(Dataset records)
┌──
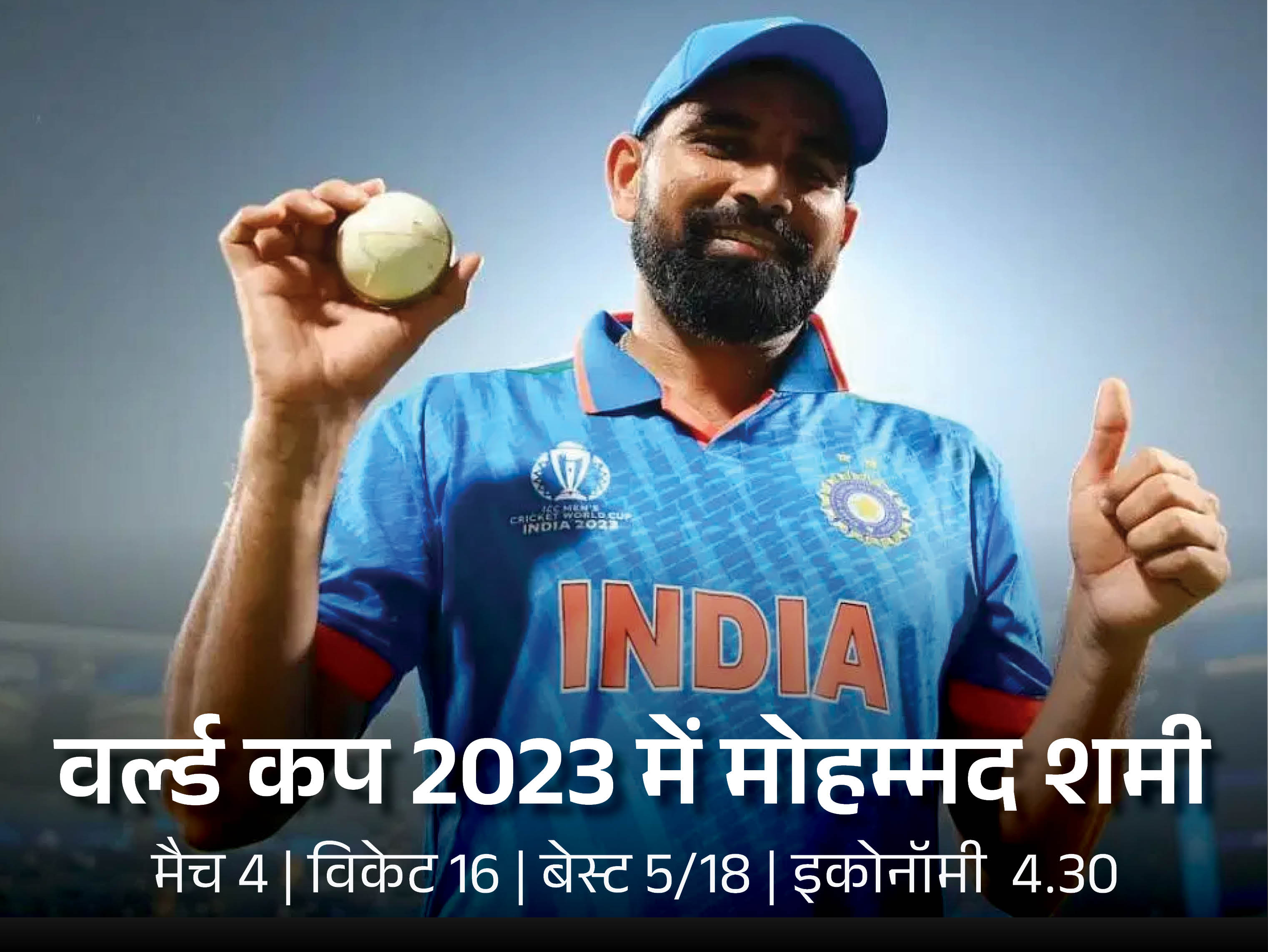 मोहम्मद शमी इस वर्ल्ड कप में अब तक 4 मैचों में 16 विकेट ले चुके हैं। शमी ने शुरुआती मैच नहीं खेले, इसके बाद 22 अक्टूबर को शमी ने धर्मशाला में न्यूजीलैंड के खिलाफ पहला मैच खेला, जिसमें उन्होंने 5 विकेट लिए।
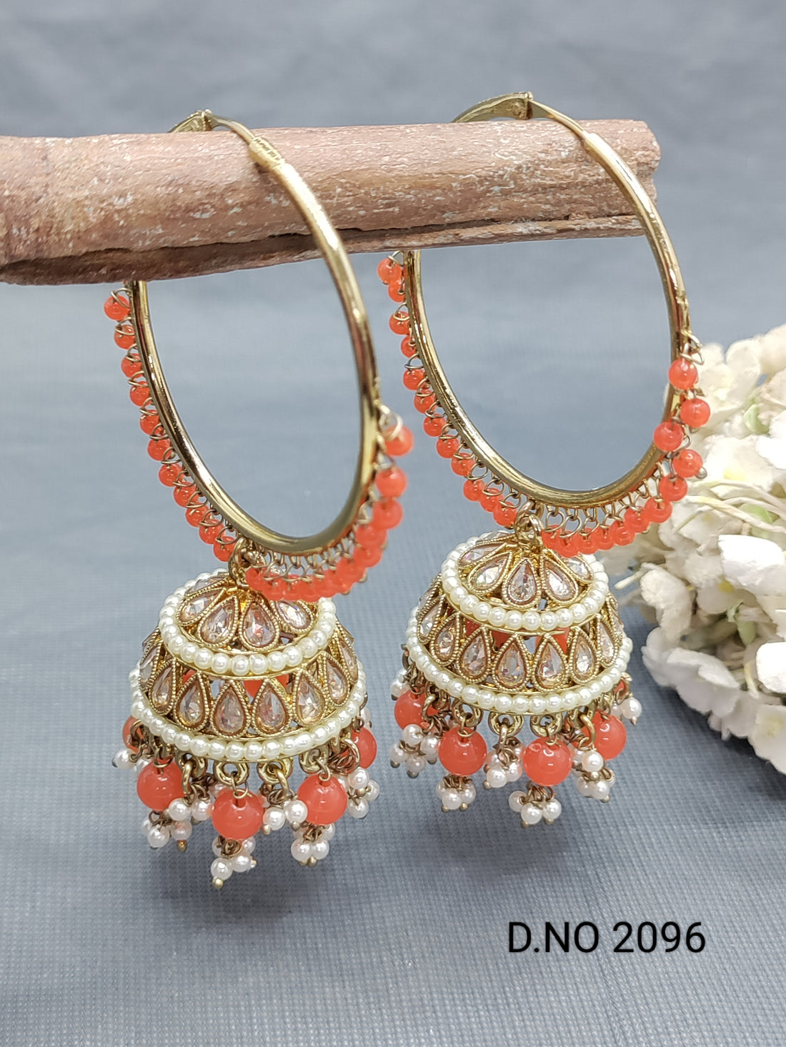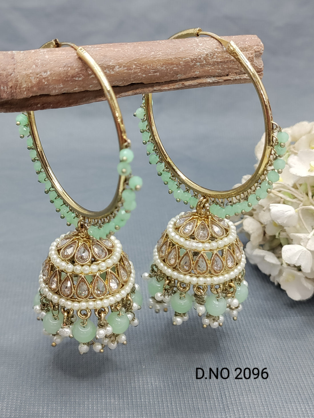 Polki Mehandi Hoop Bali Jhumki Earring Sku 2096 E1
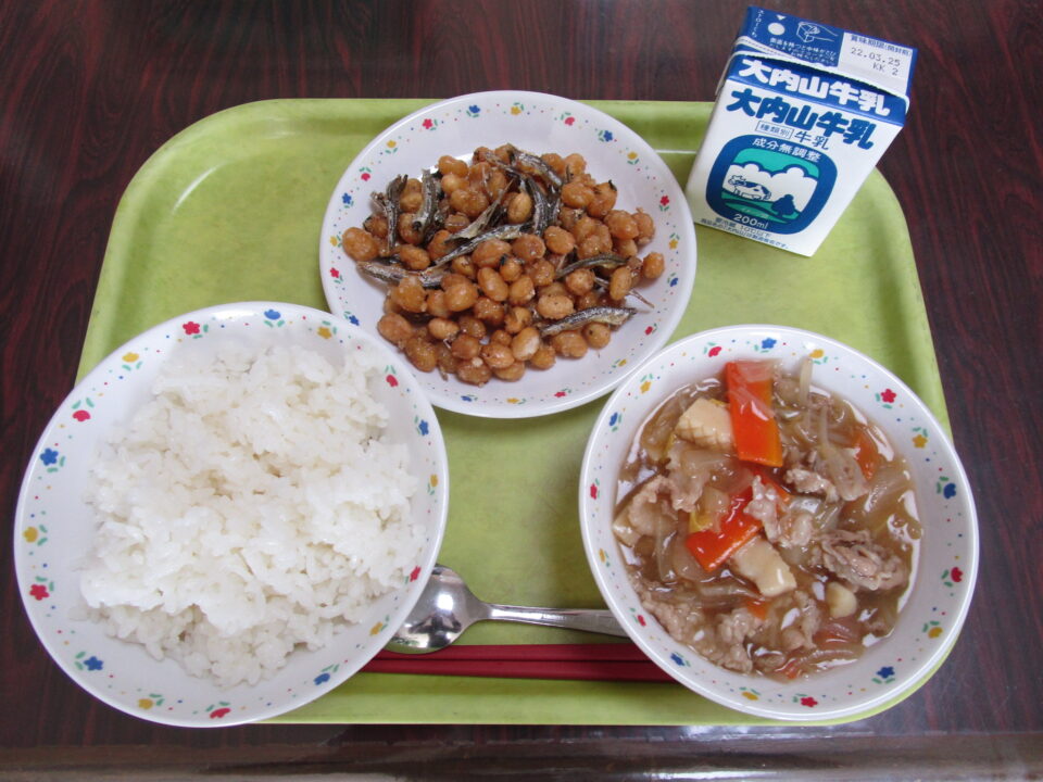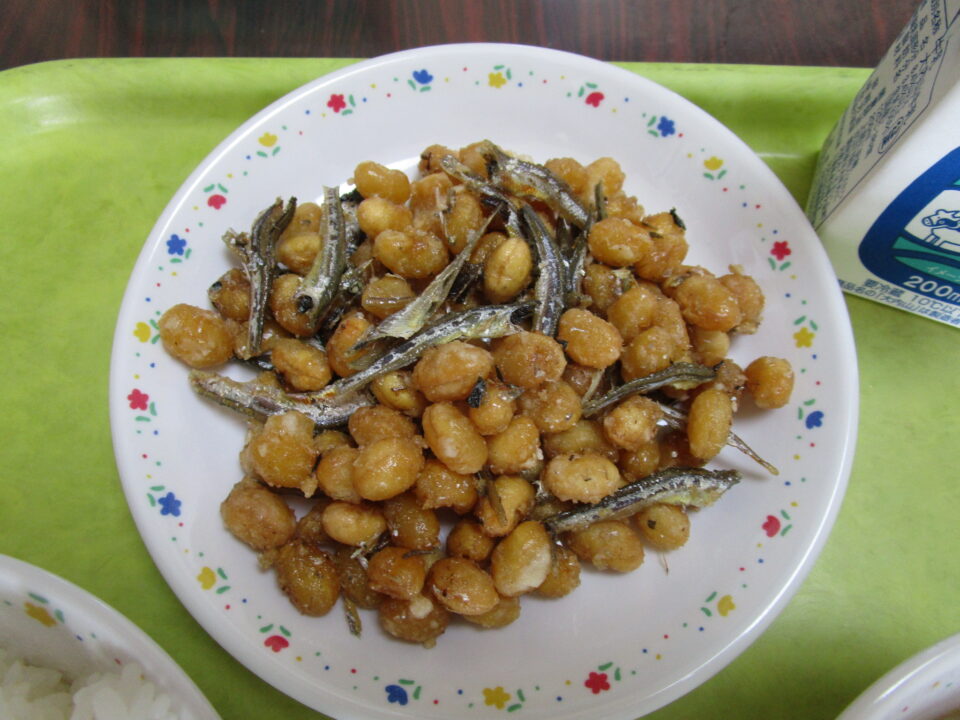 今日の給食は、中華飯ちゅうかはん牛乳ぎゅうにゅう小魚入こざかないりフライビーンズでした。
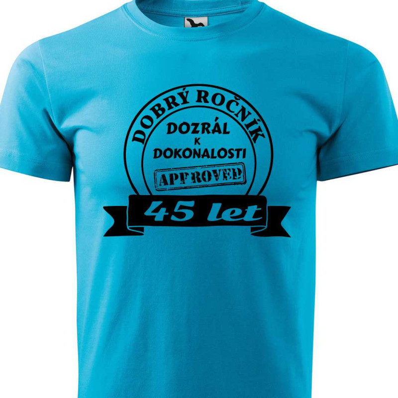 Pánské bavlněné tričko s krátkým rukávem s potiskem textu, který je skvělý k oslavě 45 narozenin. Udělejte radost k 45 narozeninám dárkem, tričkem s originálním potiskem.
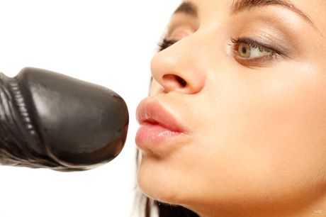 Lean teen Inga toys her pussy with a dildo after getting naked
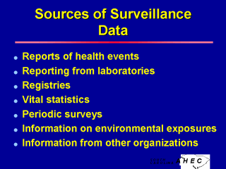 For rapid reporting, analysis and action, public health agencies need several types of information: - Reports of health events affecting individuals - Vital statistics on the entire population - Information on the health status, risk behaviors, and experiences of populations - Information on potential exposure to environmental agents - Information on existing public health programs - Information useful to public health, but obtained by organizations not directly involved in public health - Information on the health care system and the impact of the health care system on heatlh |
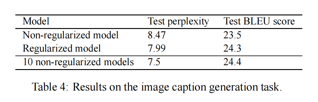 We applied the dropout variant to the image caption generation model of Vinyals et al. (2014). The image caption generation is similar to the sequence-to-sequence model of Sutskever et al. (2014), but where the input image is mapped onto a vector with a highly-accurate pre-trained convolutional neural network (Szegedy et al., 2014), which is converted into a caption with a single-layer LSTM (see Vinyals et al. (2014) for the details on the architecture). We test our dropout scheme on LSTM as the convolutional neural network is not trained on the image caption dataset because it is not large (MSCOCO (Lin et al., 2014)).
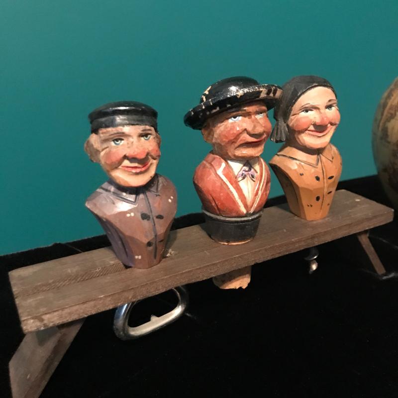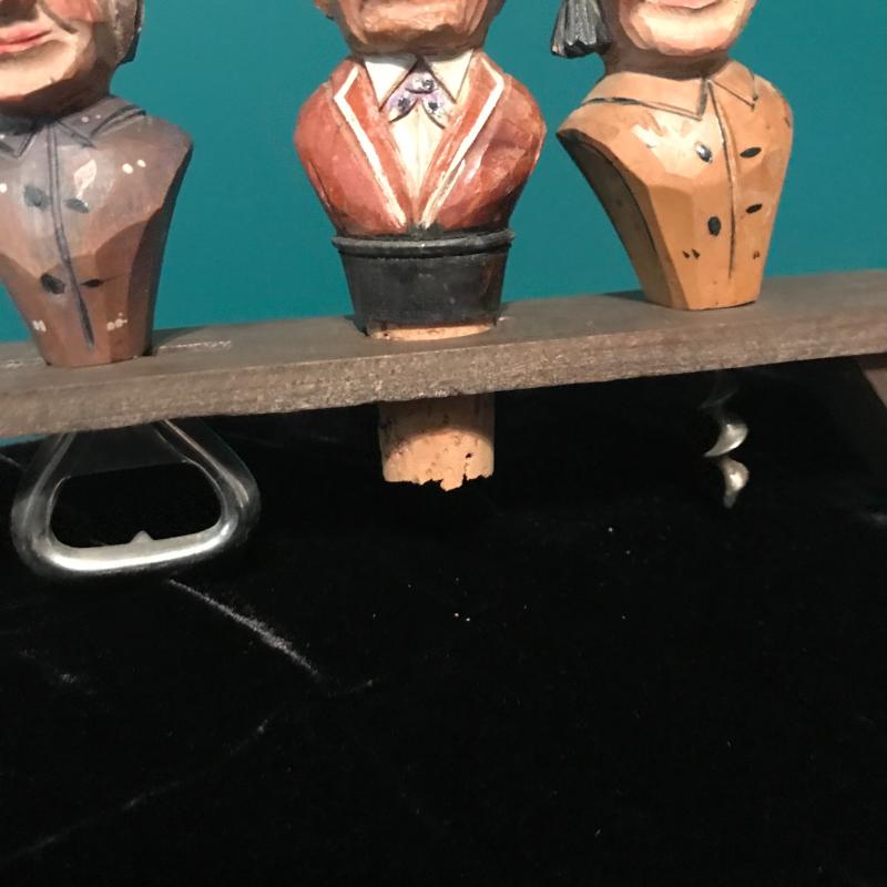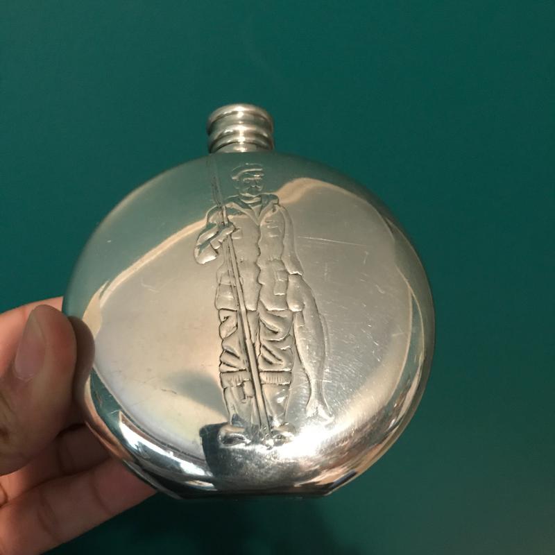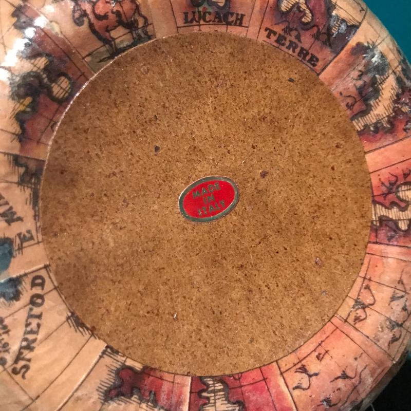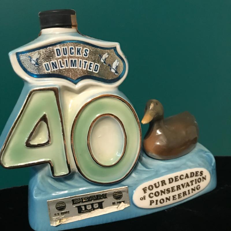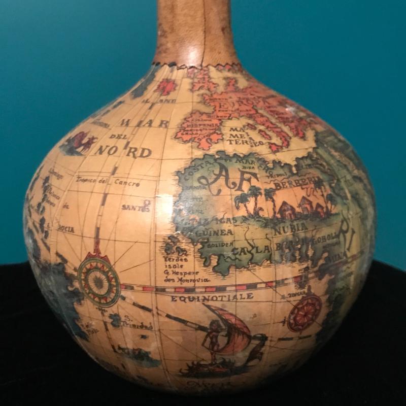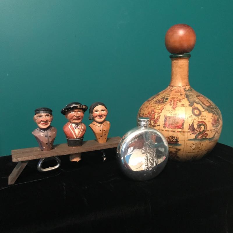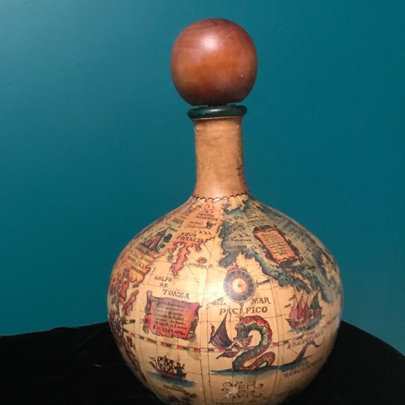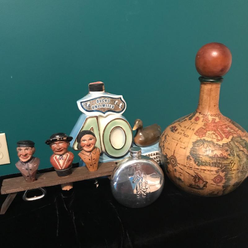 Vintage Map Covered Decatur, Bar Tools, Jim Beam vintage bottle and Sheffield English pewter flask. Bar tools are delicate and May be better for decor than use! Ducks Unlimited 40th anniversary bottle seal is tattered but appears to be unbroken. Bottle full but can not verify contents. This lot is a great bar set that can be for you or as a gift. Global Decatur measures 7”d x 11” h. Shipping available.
└──
Instructions for the task: Your answer should consist of the lines above between those holding "Polki Mehandi Hoop" and "Lean teen Inga", inclusive, reproduced word for word and without pictures.

Exercise solution:
 Polki Mehandi Hoop Bali Jhumki Earring Sku 2096 E1
 今日の給食は、中華飯ちゅうかはん牛乳ぎゅうにゅう小魚入こざかないりフライビーンズでした。
 Pánské bavlněné tričko s krátkým rukávem s potiskem textu, který je skvělý k oslavě 45 narozenin. Udělejte radost k 45 narozeninám dárkem, tričkem s originálním potiskem.
 Lean teen Inga toys her pussy with a dildo after getting naked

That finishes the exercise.